Message/Author 

Anonymous posted on Wednesday, December 22, 2004  2:44 am



I have a quick question about data structure. I am very familiar with the HLM program, especially with the data structure (2 datasets). So, I was wondering if I had to have my between level measures aggregated on my cluster measure for multilevel SEM when I set my data up? Or, can I leave the data measured at the individual level and the Mplus program will handle this for me? Thank you. 


For variables that are both within and between, you don't need to provide anything except the within level variable. Mplus does the rest. For a variable that is only between, you need to provide that cluster average for each individual. 

Anonymous posted on Wednesday, December 22, 2004  9:34 am



Thanks for the help. However, I have a followup question. Does this mean that between only data have rest in separate data filesimilar to HLM format? For example, if I have my within data in within.dat, then the between only data need to be in between.dat. Is this correct? 

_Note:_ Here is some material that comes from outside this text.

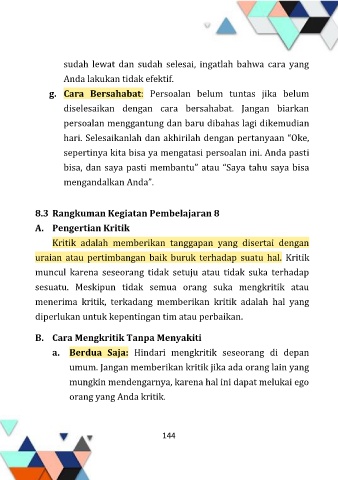g. Cara Bersahabat: Persoalan belum tuntas jika belum

bmuthen posted on Wednesday, December 22, 2004  9:41 am



The Mplus data arrangement is different from HLM's. Mplus does not need two files, only one. The file has as rows the individuals and as columns the variables  both individuallevel and betweenlevel variables. 

Anonymous posted on Wednesday, December 22, 2004  11:20 am



Ok, I am now getting an error message that is as follows: *** ERROR One or more betweenlevel variables have variation within a cluster for one or more clusters. Check your data and format statement. The program identifies the variable that appears to be causing the problem, but I am unsure what it really means. So, what does this error message mean? Any suggestions on how to fix the probelm? Thanks 


If you declare that a variable is a between variable, each observation in a cluster must have the same value for that variable. The value would be the average of the individual level values for each cluster. 

Anonymous posted on Wednesday, December 22, 2004  11:54 am



Doesn't this artificially inflate the correlations at the between level? If I only have 36 clusters but 2000 observations with the clusters, doesn't giving each observation in a cluster the same value for that variable cause calculation trouble. That is, instead of 36 observation, I would be estimating using 2000. 

bmuthen posted on Wednesday, December 22, 2004  12:06 pm



Not a problem when you do twolevel analysis because then you tell the program that that variable is a between variable and that it only varies across the 36 clusters that you have. 

Anonymous posted on Wednesday, December 22, 2004  12:49 pm



Thank you!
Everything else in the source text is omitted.